SequentialCB
- class coba.evaluators.SequentialCB
Sequential evaluation for CB learners.
Constructors
- __init__(record: Sequence[Literal['reward', 'time', 'probability', 'action', 'context', 'actions', 'rewards']] = ['reward', 'action', 'probability'], learn: Literal['on', 'off', 'ips', 'dr', 'dm'] | None = 'on', eval: Literal['on', 'ips', 'dr', 'dm'] | None = 'on', seed: float | None = None) None
Instantiate a SequentialCB evaluator.
- Parameters:
record – Variables to record for each learner interaction.

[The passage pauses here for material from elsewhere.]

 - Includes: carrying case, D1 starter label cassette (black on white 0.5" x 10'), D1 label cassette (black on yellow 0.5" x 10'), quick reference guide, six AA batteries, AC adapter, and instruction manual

learn – action and reward revealed to learner on learn call: on — on-policy action/reward (requires ‘actions’ and ‘rewards’), off — off-policy action/reward (requires ‘action’ and ‘reward’), ips — on-policy action/ips-reward (requires ‘actions’, ‘action’, ‘reward’, and ‘probability’), dr — on-policy action/dr-reward (requires ‘actions’, ‘action’, and ‘reward’), dm — on-policy action/dm-reward (requires ‘actions’, ‘action’, and ‘reward’), None — learn is not called.
eval – reward recorded given learner prediction: on — actual reward (requires ‘actions’ and ‘rewards’), ips — ips-reward (requires ‘actions’, ‘action’, ‘reward’, and ‘probability’), dr — dr-reward (requires ‘actions’, ‘action’, and ‘reward’), dm — dm-reward (requires ‘actions’, ‘action’, and ‘reward’), None — no reward is recorded.

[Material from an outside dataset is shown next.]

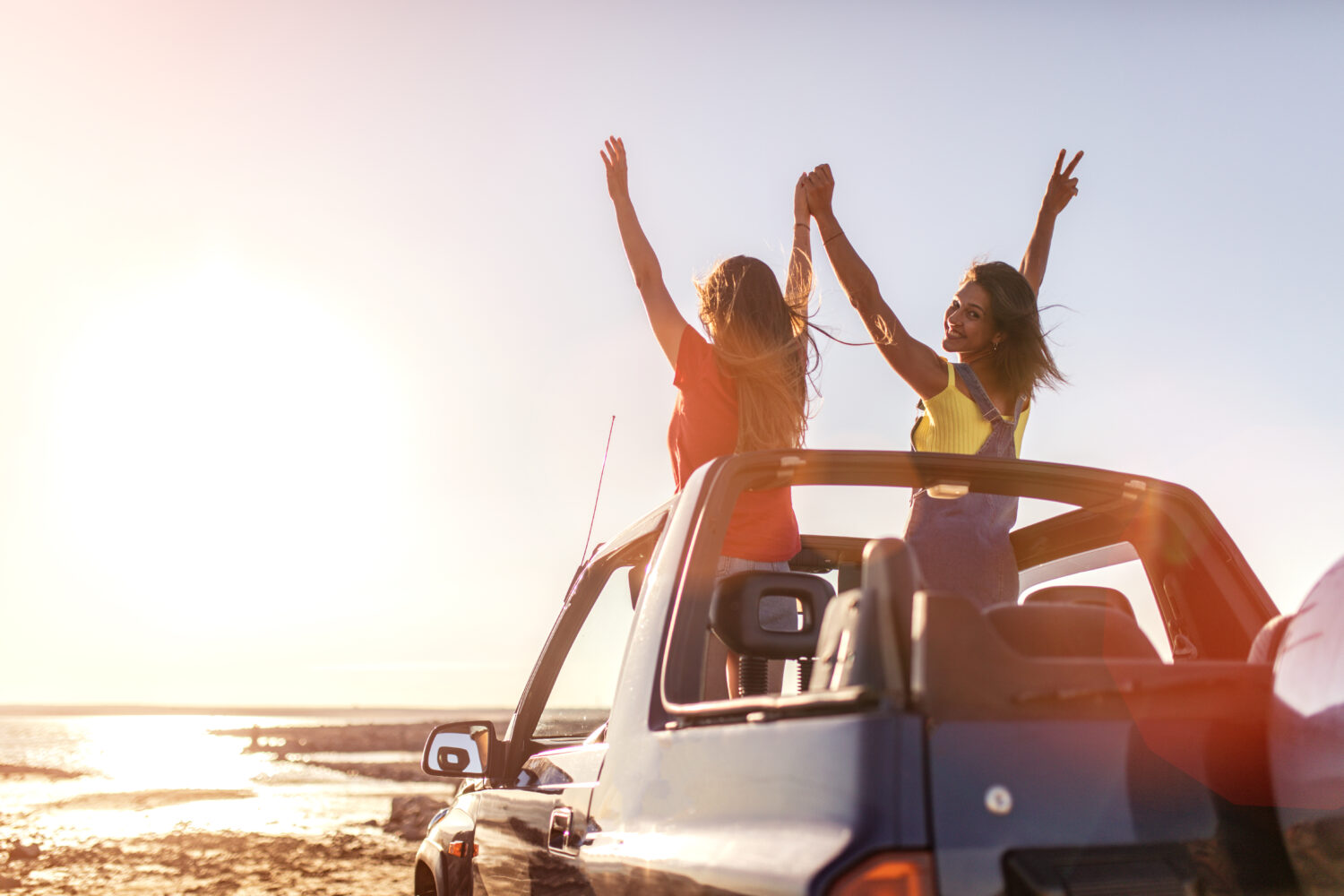 lindos amigos disfrutando de una puesta de sol en la playa pasando un buen rato sonriendo

seed – Determine which action is played when learners return an action PMF.
Methods
- evaluate(environment: Environment | None, learner: Learner | None) Iterable[Mapping[Any, Any]]
Evaluate the learner on the given interactions.
- Parameters:
environment – The Environment we want to evaluate against.
learner – The Learner that we wish to evaluate.
- Returns:
Evaluation results
Attributes
- params